> [INSTRUCTIONS TO FOLLOW] What you submit must be an exact copy of the listing below, with no images in it.

> [SUPPLIED INFORMATION]
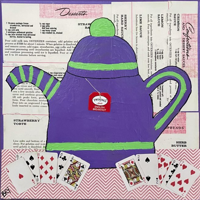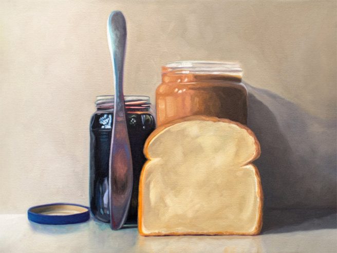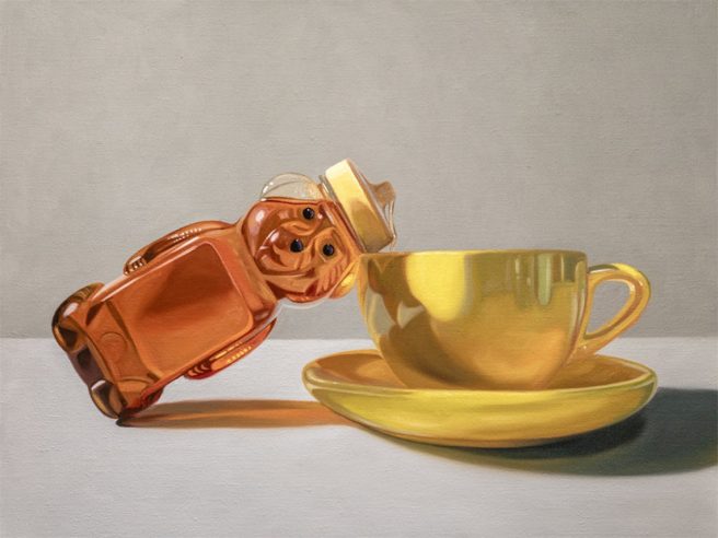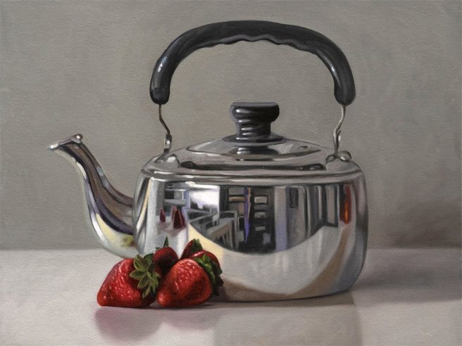 I’m always in awe of artists who paint reflective surfaces well — like this silver tea kettle, for example. Purty cool!
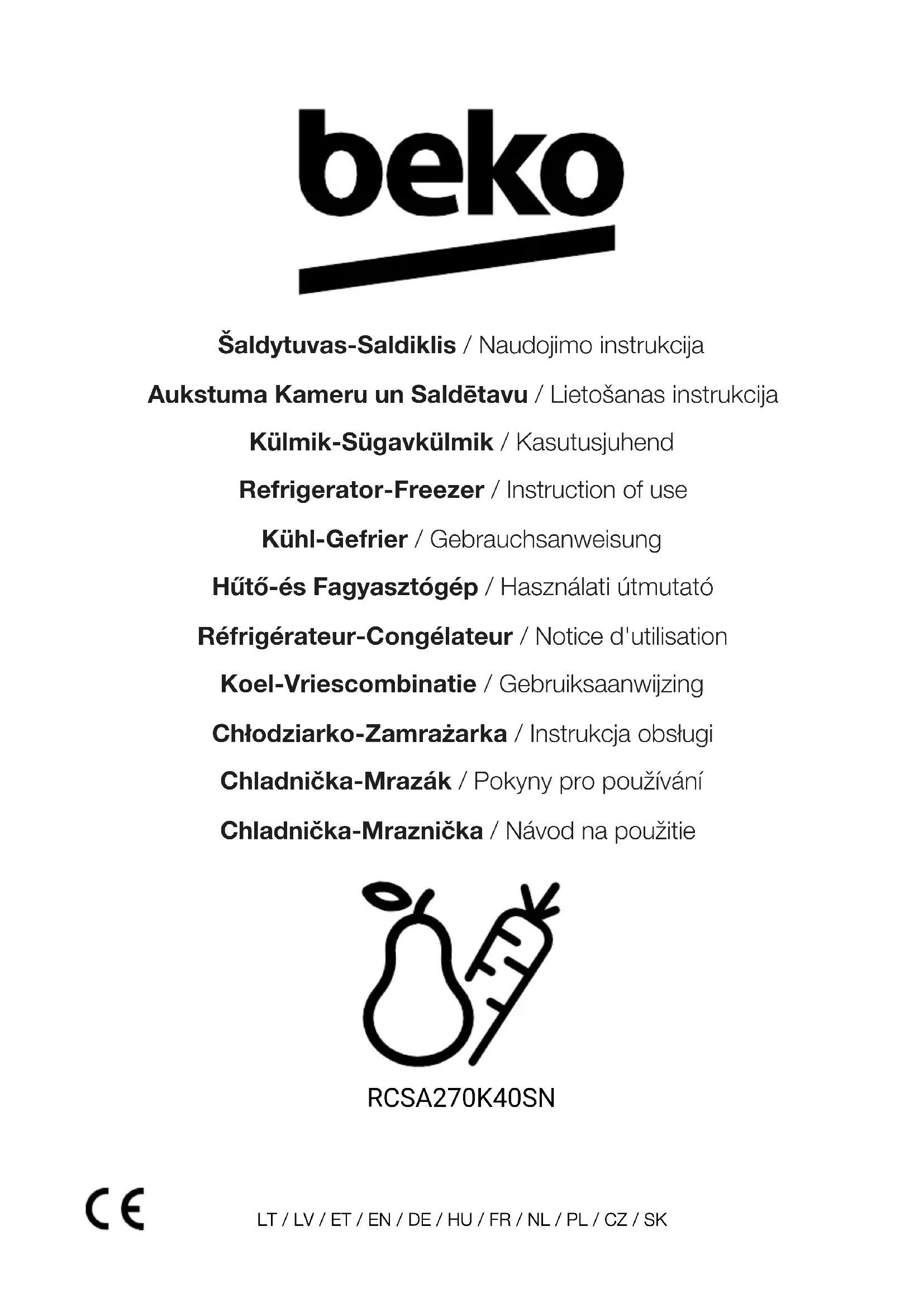 RCSA270K40SN - Réfrigérateur BEKO - Notice d'utilisation et mode d'emploi gratuit
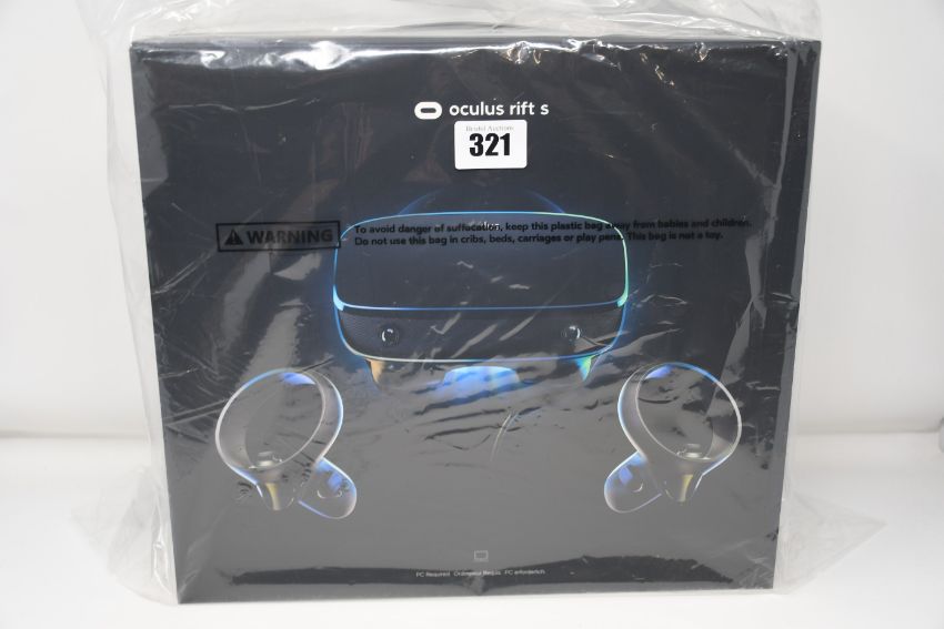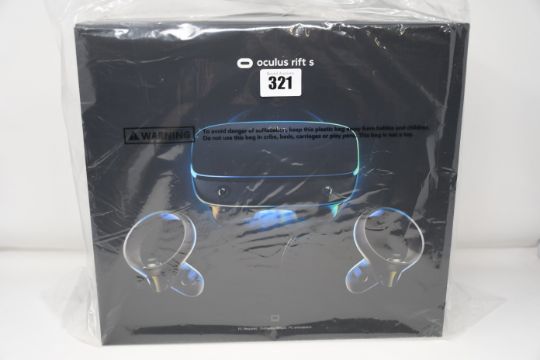 One boxed as new Oculus Rift S headset and controllers (VR headset, two touch controllers, 5m headset cable, mini display port to display port adapter).

> [OUTPUT FOR THIS EXERCISE]
 I’m always in awe of artists who paint reflective surfaces well — like this silver tea kettle, for example. Purty cool!
 RCSA270K40SN - Réfrigérateur BEKO - Notice d'utilisation et mode d'emploi gratuit
 One boxed as new Oculus Rift S headset and controllers (VR headset, two touch controllers, 5m headset cable, mini display port to display port adapter).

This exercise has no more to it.